North Carolina Air National Guard hauls over 100,000 pounds of supplies from the Federal Emergency Management Agency in a C17 to Western North Carolina as a part of Hurricane Helene support. (U.S. Air National Guard photo by Maj. Monica Ebert)
In a political year in which a steady stream of good and hopeful news and policy progress has been accompanied by a relentless drumbeat of disinformation and delusion, it’s unsurprising that one of the year’s biggest events and news stories – Hurricane Helene – has produced just such a maddening combination of late in North Carolina.
The encouraging news, of course, is to be found in the response we’ve seen from elected leaders, public officials and average citizens of all political stripes.
First, were the neighbors and emergency personnel who performed countless acts of selfless heroism to rescue and care for people in need. Time and again, we’ve been reminded that while we may be a divided and querulous state and nation, we’re not so divided that we (or most of us anyway) have lost our instincts for basic human empathy.
When rescuers plucked someone from flood waters or nurses worked under dreadful conditions in a disabled hospital, or neighbors hosted a displaced stranger, shared bottled water, or shoveled mud from a basement, the politics of the people involved weren’t a factor.
And despite the fear and discord that false rumors have helped sow, it’s also been clear that leaders of both major political parties want to respond to the disaster.
This encouraging truth has been on display at all levels of government in recent weeks as officials worked to allocate and distribute public funds to hurricane relief and recovery.
This isn’t to say that efforts thus far have been perfect. The General Assembly’s latest relief bill – a measure written behind closed doors that spends around 600 million dollars (only about 15 percent of what Gov.
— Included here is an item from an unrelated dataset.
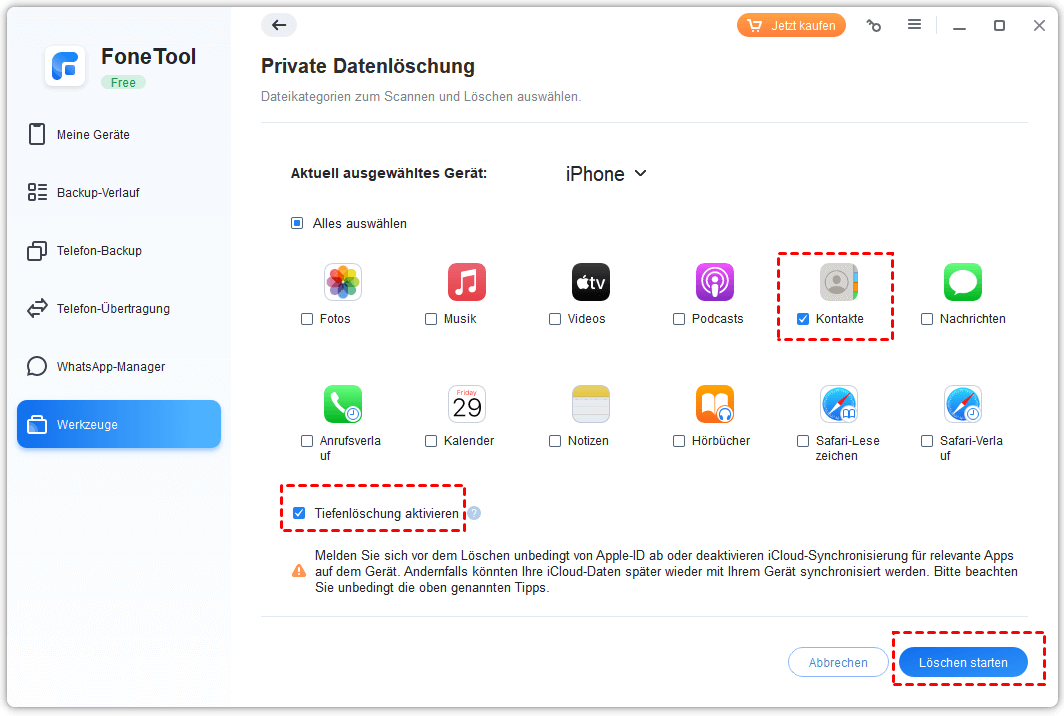 Schritt 2. Starten Sie FoneTool und klicken Sie auf Werkzeuge > Datenlöschung > Bewegen Sie den Mauszeiger auf „Private Datenlöschung“ und klicken Sie auf „Starten“.

Roy Cooper asked for) – is woefully inadequate. Going forward, state legislators need to be more transparent and spend a lot more.
But the bipartisan commitment to a hurricane response is at least a reminder that North Carolinians still care about their neighbors, retain many common bonds and can work together to use government to make life better for all. One hopes fervently that’s a pattern that our leaders build on going forward.
None of this, unfortunately, is to say that Helene hasn’t also helped feed a pair of dangerous cancers that currently plague us.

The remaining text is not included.